▼
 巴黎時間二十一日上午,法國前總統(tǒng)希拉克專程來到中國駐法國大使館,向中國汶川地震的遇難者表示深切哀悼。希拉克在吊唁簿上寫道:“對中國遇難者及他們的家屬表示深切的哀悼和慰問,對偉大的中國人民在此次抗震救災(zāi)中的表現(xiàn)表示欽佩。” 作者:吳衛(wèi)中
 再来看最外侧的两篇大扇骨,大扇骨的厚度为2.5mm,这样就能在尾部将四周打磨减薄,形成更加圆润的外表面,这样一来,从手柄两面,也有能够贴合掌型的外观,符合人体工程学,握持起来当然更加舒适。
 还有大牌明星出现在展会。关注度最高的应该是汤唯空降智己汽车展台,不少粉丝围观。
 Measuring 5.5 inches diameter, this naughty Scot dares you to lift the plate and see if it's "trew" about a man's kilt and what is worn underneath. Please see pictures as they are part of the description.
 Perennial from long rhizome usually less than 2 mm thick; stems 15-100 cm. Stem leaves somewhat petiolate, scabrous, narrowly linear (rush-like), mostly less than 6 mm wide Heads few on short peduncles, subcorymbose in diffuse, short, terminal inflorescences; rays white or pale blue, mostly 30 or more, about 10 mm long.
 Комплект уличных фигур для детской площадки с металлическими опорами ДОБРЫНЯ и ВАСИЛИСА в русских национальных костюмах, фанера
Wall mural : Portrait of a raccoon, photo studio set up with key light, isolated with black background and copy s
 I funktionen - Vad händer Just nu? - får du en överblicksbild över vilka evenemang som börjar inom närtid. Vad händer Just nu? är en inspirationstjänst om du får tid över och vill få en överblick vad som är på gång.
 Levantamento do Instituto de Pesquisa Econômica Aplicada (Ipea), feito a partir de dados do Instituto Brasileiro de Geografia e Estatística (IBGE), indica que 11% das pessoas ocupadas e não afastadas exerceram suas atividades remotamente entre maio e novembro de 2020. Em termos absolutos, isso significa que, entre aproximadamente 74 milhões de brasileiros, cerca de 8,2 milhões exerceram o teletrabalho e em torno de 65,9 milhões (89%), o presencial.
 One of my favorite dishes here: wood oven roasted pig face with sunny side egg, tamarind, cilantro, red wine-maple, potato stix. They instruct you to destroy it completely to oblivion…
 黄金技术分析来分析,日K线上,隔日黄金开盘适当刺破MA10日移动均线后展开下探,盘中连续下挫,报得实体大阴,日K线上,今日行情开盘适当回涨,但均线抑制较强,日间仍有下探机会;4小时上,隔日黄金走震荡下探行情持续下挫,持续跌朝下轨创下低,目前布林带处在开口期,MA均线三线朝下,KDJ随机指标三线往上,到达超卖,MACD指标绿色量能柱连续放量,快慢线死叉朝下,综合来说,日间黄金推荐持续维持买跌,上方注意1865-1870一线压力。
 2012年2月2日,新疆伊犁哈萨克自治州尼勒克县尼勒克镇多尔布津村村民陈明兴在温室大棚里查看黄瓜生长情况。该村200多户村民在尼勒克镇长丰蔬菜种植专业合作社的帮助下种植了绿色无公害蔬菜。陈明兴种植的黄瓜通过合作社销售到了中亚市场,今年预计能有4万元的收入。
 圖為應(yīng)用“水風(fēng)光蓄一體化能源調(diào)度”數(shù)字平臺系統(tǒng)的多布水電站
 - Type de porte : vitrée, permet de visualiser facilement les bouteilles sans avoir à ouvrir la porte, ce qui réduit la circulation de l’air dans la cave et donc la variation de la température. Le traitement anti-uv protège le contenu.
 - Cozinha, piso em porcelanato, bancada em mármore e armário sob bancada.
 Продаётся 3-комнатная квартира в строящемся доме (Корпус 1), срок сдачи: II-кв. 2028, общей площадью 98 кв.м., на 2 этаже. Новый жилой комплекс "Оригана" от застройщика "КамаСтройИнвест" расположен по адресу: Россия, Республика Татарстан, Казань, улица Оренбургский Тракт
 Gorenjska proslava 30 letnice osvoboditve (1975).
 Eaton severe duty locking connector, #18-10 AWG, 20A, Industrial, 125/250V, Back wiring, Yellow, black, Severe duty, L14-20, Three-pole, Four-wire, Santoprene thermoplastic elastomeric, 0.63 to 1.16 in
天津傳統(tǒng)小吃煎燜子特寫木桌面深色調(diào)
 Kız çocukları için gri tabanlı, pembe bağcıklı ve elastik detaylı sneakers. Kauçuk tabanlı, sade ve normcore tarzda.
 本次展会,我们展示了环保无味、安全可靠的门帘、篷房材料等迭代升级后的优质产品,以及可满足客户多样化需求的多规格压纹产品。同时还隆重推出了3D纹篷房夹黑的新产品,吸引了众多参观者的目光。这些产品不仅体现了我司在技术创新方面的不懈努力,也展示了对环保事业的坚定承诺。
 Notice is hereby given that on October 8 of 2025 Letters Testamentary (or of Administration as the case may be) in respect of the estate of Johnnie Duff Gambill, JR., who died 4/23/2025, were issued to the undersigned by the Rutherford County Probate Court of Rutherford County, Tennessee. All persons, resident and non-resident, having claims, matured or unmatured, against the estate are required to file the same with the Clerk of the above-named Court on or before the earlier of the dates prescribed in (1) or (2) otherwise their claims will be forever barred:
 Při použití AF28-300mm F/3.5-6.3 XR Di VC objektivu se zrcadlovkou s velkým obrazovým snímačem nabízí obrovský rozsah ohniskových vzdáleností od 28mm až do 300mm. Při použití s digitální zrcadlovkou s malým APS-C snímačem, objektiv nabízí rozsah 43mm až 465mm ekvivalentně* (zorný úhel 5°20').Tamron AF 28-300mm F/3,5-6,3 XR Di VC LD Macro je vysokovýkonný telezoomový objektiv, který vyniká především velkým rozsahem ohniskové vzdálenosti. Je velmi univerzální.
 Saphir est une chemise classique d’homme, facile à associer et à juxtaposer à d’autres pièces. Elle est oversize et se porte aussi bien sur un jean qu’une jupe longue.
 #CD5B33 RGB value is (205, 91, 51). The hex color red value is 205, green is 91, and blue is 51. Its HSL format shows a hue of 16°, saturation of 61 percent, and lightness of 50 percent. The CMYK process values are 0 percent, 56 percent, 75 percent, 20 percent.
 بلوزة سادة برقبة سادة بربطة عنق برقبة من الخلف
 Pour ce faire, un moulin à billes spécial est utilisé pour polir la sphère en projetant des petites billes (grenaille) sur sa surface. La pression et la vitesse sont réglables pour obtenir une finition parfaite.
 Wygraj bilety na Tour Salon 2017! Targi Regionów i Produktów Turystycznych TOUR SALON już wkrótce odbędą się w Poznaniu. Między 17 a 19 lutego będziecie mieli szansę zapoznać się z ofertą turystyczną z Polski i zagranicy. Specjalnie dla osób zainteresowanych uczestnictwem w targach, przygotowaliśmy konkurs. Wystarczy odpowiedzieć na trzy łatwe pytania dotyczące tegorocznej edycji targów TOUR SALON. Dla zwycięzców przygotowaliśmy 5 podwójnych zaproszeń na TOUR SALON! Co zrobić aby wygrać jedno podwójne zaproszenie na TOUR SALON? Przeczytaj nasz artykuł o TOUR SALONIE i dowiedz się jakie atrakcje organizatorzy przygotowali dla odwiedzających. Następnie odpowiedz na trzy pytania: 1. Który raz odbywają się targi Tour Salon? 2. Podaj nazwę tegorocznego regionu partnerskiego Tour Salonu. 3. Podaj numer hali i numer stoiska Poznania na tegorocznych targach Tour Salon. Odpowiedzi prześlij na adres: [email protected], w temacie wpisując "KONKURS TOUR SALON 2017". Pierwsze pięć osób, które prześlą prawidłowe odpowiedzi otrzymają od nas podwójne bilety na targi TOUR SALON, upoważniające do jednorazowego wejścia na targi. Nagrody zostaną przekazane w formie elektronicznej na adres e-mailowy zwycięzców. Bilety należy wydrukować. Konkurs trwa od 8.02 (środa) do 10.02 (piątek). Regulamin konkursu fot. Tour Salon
▲
* Assignment *
For the listing above, find how many lines hold the word "black". Only the number should be written.

* Exercise output *
2